United States District Court, E.D. California

September 4, 2014

TONY PHELPS, Sr. Plaintiffs,


BARBARA A. McAULIFFE, Magistrate Judge.

Plaintiff Tony Phelps, Sr. ("Plaintiff") is proceeding pro se and in forma pauperis in this civil rights action pursuant to 42 U.S.C. § 1983. After dismissal of his initial complaint and his first amended complaint alleging excessive force and deliberate indifference to medical needs pursuant to 28 U.S.C. § 1915(a), Plaintiff filed a Second Amended Complaint ("SAC") on August 25, 2014, which is currently before the Court for screening. (Doc. 14).

Screening Requirement

The Court is required to screen complaints brought by persons proceeding in pro per. 28 U.S.C. § 1915A(a). Plaintiff's Complaint, or any portion thereof, is subject to dismissal if it is frivolous or malicious, if it fails to state a claim upon which relief may be granted, or if it seeks monetary relief from a defendant who is immune from such relief. 28 U.S.C. § 1915A(b)(1), (2); 28 U.S.C. § 1915(e)(2)(B)(ii).

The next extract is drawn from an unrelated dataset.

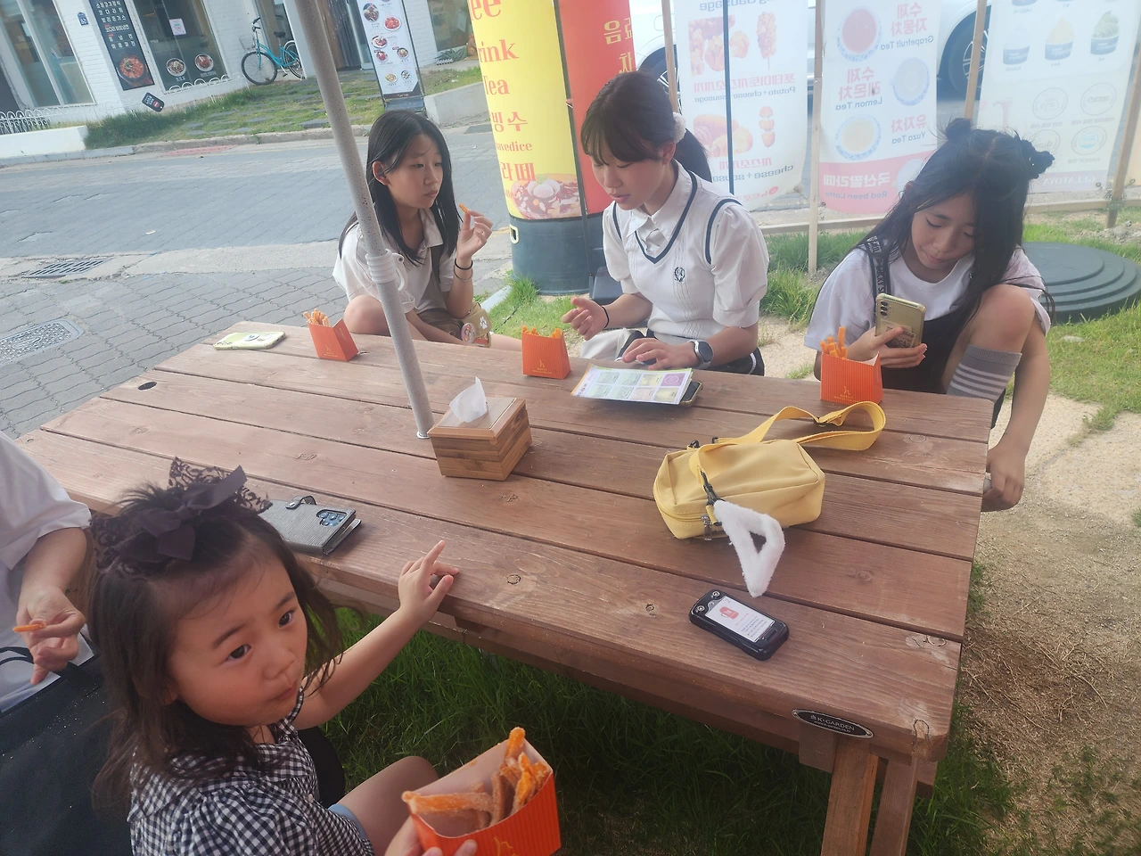 첫째가 쫀드기가 유명하다는 말에 지인이 아이들에게 사주었다. 나는 고마움에 옆집 아이스아메리카노 두 잔을 사며 잠시 벤치에 앉아 아이들과 얘기를 나누며 경주나들이의 끝을 맺었다.

A complaint must contain "a short and plain statement of the claim showing that the pleader is entitled to relief...." Fed.R.Civ.P. 8(a)(2). Detailed factual allegations are not required, but "[t]hreadbare recitals of the elements of a cause of action, supported by mere conclusory statements, do not suffice." Ashcroft v. Iqbal, 556 U.S. 662, 678, 129 S.Ct. 1937, 1949 (2009) (citing Bell Atlantic Corp. v. Twombly, 550 U.S. 544, 555, 127 S.Ct. 1955, 1964-65 (2007)). While a plaintiff's allegations are taken as true, courts "are not required to indulge unwarranted inferences." Doe I v. Wal-Mart Stores, Inc., 572 F.3d 677, 681 (9th Cir. 2009) (internal quotation marks and citation omitted.

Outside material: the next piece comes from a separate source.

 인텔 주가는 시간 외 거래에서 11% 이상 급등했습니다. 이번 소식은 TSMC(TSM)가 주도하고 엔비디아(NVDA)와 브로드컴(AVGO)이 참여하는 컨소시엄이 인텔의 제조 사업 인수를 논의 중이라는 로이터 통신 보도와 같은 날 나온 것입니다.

While persons proceeding in pro se actions are still entitled to have their pleadings liberally construed and to have any doubt resolved in their favor, the pleading standard is now higher, Hebbe v. Pliler, 627 F.3d 338, 342 (9th Cir. 2010) (citations omitted), and to survive screening, Plaintiff's claims must be facially plausible, which requires sufficient factual detail to allow the Court to reasonably infer that each named defendant is liable for the misconduct alleged, Iqbal, 556 U.S. at 678, 129 S.Ct. at 1949 (quotation marks omitted); Moss v. United States Secret Service, 572 F.3d 962, 969 (9th Cir. 2009). The sheer possibility that a defendant acted unlawfully is not sufficient, and mere consistency with liability falls short of satisfying the plausibility standard. Iqbal, 556 U.S. at 678, 129 S.Ct. at 1949 (quotation marks omitted); Moss, 572 F.3d at 969.

Plaintiff's Allegations

Plaintiff is currently incarcerated in the Fresno County Jail. In his SAC, Plaintiff alleges as follows: Plaintiff alleges he was arrested on January 6, 2014 for assault with a deadly weapon in an alleyway located at 1464 West Fresno Street at approximately 3:30 p.m. During his arrest, he came in contact with two police officers, John Doe SG-One (arresting officer) and John Doe SG-Two (transporting officer). Plaintiff alleges that John Doe SG-One acted in an "unprofessional manner, the medical mistreatment conduct took place in the alleyway." (Doc. 16. P. 3.) Plaintiff does not explain the conduct further.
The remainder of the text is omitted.